◆ **Task to complete**: Leaving out any pictures, transcribe every record exactly.

>>>

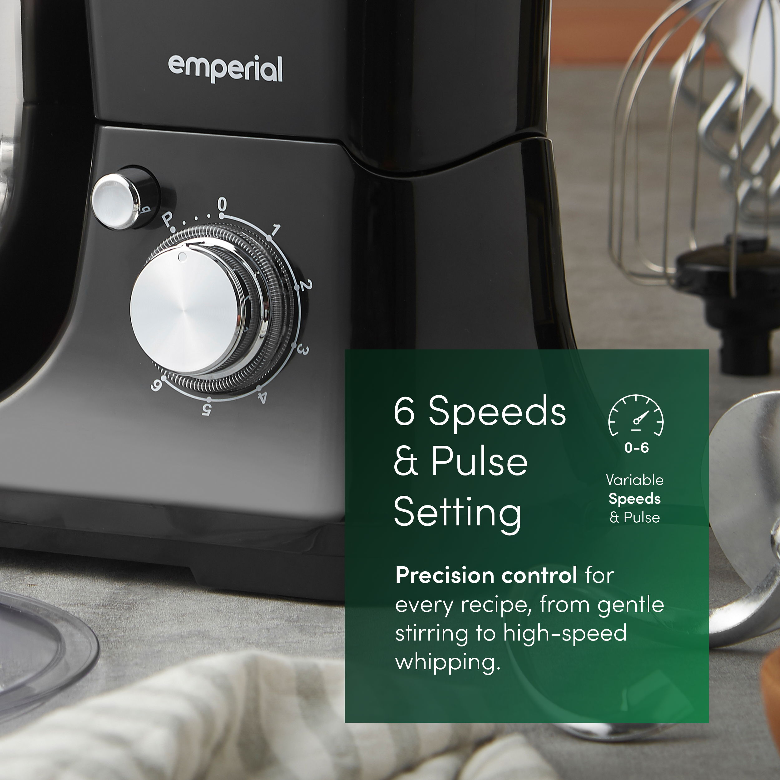 - 6 Speeds + Pulse Function - Tackle any recipe with precision control. From a slow stir to a fast whip, choose the right speed for the task. The tilt-head design and included splash guard make it easy to add ingredients mess-free.
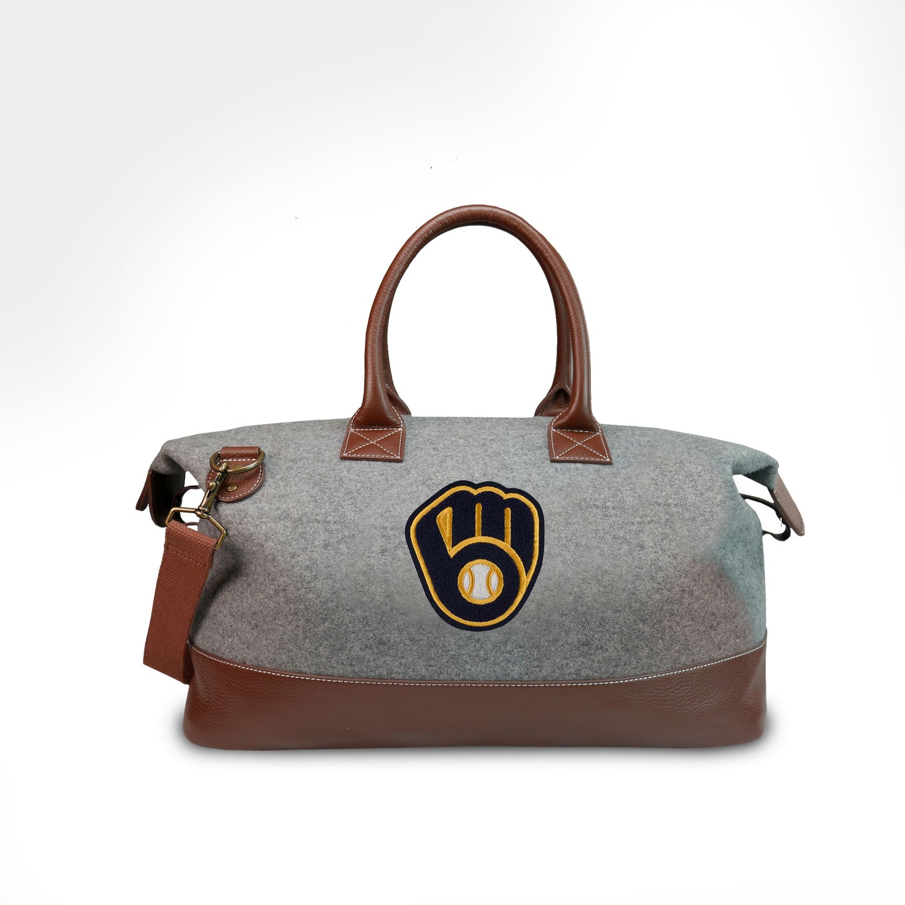 “Here we go Brew Crew” with the beautiful new Milwaukee Brewers “Mitt” logo Weekender from Heritage Gear. The team that made Milwaukee famous with greats like Aaron, Yount and Molitor and “Harvey’s Wallbangers” have a bag as cool as their uniforms. The Milwaukee Brewers “Mitt” logo Weekender is made of sustainable melton wool from one of the oldest mills in the USA and features the MB “Mitt” in blue and gold chenille handsewn on navy wool. Crafted to last a lifetime, the Brewers “Mitt” Weekender has full-grain leather, double lock stitching, solid zippers and metals. It’s perfect for travel, spontaneous weekend adventures, and as a gift for the die-hard Milwaukee baseball fan in your life. This bag features a zippered interior pocket, twill cotton lining throughout, and only gets better with time.
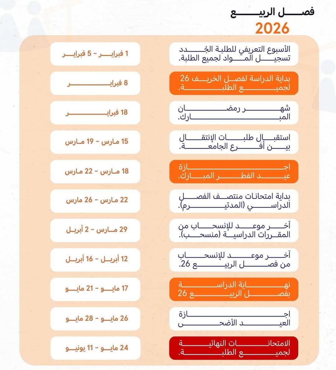 Monday, January 26, 2026 / Categories: Announcement فصل الربيع 2026 Previous Article السجل المهني للطلبة Next Article تهنئة Print 78 Rate this article: 5.0
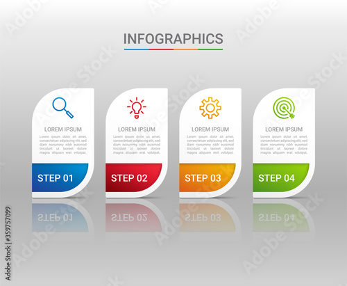 Business data visualization, infographic template with 4 steps on gray background, vector illustration
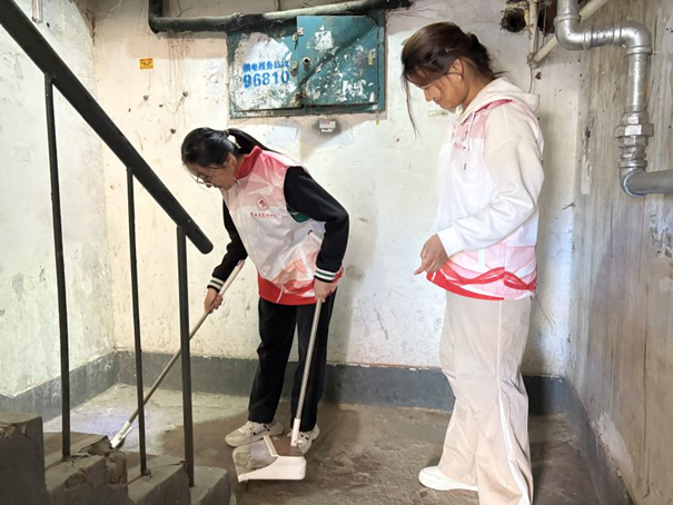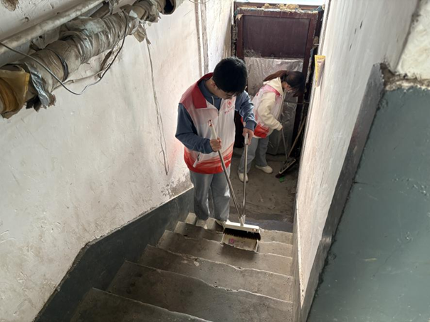 同学们还自发分为两组进行庭院环境清洁,对社区居民楼道展开全面清理。大家分工协作,清扫楼道垃圾,铲除墙壁上的小广告,抓住每个卫生死角。活动中,同学们专注投入的工作热情也感染了社区居民,许多人主动加入到清理队伍中一起劳动,让社区环境面貌焕然一新。
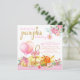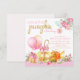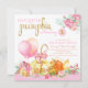 Cartes d'invitation pour le premier anniversaire de petite fille citrouille avec de jolies citrouilles et ballons roses, orange et or sur un fond à pois floral rose avec un texte mignon rose et or. Vous pouvez facilement personnaliser cette adorable invitation pour l'anniversaire de petite citrouille en ajoutant simplement vos coordonnées. Il s'agit d'un design imprimé sans véritable feuille métallique, rubans, etc.
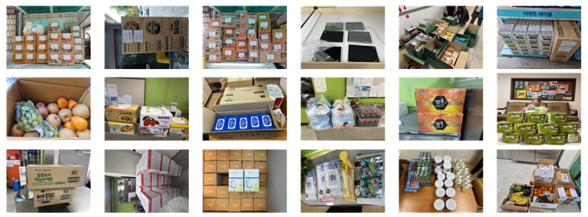 의류, 시각장애인용교구, 섬유유연제(성북시각장애인복지관), 둘레길산책프로그램(하나증권), 가공식품(GS25 뉴번동기쁨점, 상계동일점, 삼양역점, 중계동진점, 상계타운점, 상계하이츠점, 중계럭키점), 가공식품(세븐일레븐쌍문장터점), 노트북외 주변기기, 프로그램저녁식사지원(미쉐린코리아), 기부세트(삼양감리교회), 과일(샘물교회), 샴푸, 염색약(아모레퍼시픽), 과일(개인후원자), ***피자저녁식사지원(서울동산교회), **운동화(강북푸드뱅크), 방한용품, 남산산책프로그램식사지원(멀츠코리아), 방한용품(허브플렛폼), 김치, 운동화(서울시장애인복지시설협회), 기저귀, 가방(주사랑공동체), 기저귀, 섬유유연제(개인후원자), 영양제(신도바이오실크), 김치, 쌀, 가공식품(농협경제지주)
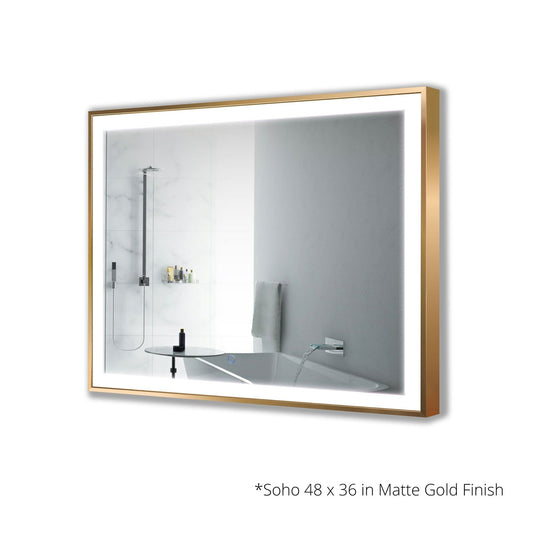 Krugg Reflections Soho 48" x 36" 5000K Rectangular Matte Gold Wall-Mounted Framed LED Bathroom Vanity Mirror With Built-in Defogger and Dimmer
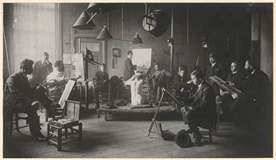 Pictura-leden tekenen naar een levend model. 3e van links Van Randwijk, vervolgens …

<<<

◆ **Task answer**:
 - 6 Speeds + Pulse Function - Tackle any recipe with precision control. From a slow stir to a fast whip, choose the right speed for the task. The tilt-head design and included splash guard make it easy to add ingredients mess-free.
 “Here we go Brew Crew” with the beautiful new Milwaukee Brewers “Mitt” logo Weekender from Heritage Gear. The team that made Milwaukee famous with greats like Aaron, Yount and Molitor and “Harvey’s Wallbangers” have a bag as cool as their uniforms. The Milwaukee Brewers “Mitt” logo Weekender is made of sustainable melton wool from one of the oldest mills in the USA and features the MB “Mitt” in blue and gold chenille handsewn on navy wool. Crafted to last a lifetime, the Brewers “Mitt” Weekender has full-grain leather, double lock stitching, solid zippers and metals. It’s perfect for travel, spontaneous weekend adventures, and as a gift for the die-hard Milwaukee baseball fan in your life. This bag features a zippered interior pocket, twill cotton lining throughout, and only gets better with time.
 Monday, January 26, 2026 / Categories: Announcement فصل الربيع 2026 Previous Article السجل المهني للطلبة Next Article تهنئة Print 78 Rate this article: 5.0
 Business data visualization, infographic template with 4 steps on gray background, vector illustration
 同学们还自发分为两组进行庭院环境清洁,对社区居民楼道展开全面清理。大家分工协作,清扫楼道垃圾,铲除墙壁上的小广告,抓住每个卫生死角。活动中,同学们专注投入的工作热情也感染了社区居民,许多人主动加入到清理队伍中一起劳动,让社区环境面貌焕然一新。
 Cartes d'invitation pour le premier anniversaire de petite fille citrouille avec de jolies citrouilles et ballons roses, orange et or sur un fond à pois floral rose avec un texte mignon rose et or. Vous pouvez facilement personnaliser cette adorable invitation pour l'anniversaire de petite citrouille en ajoutant simplement vos coordonnées. Il s'agit d'un design imprimé sans véritable feuille métallique, rubans, etc.
 의류, 시각장애인용교구, 섬유유연제(성북시각장애인복지관), 둘레길산책프로그램(하나증권), 가공식품(GS25 뉴번동기쁨점, 상계동일점, 삼양역점, 중계동진점, 상계타운점, 상계하이츠점, 중계럭키점), 가공식품(세븐일레븐쌍문장터점), 노트북외 주변기기, 프로그램저녁식사지원(미쉐린코리아), 기부세트(삼양감리교회), 과일(샘물교회), 샴푸, 염색약(아모레퍼시픽), 과일(개인후원자), ***피자저녁식사지원(서울동산교회), **운동화(강북푸드뱅크), 방한용품, 남산산책프로그램식사지원(멀츠코리아), 방한용품(허브플렛폼), 김치, 운동화(서울시장애인복지시설협회), 기저귀, 가방(주사랑공동체), 기저귀, 섬유유연제(개인후원자), 영양제(신도바이오실크), 김치, 쌀, 가공식품(농협경제지주)
 Krugg Reflections Soho 48" x 36" 5000K Rectangular Matte Gold Wall-Mounted Framed LED Bathroom Vanity Mirror With Built-in Defogger and Dimmer
 Pictura-leden tekenen naar een levend model. 3e van links Van Randwijk, vervolgens …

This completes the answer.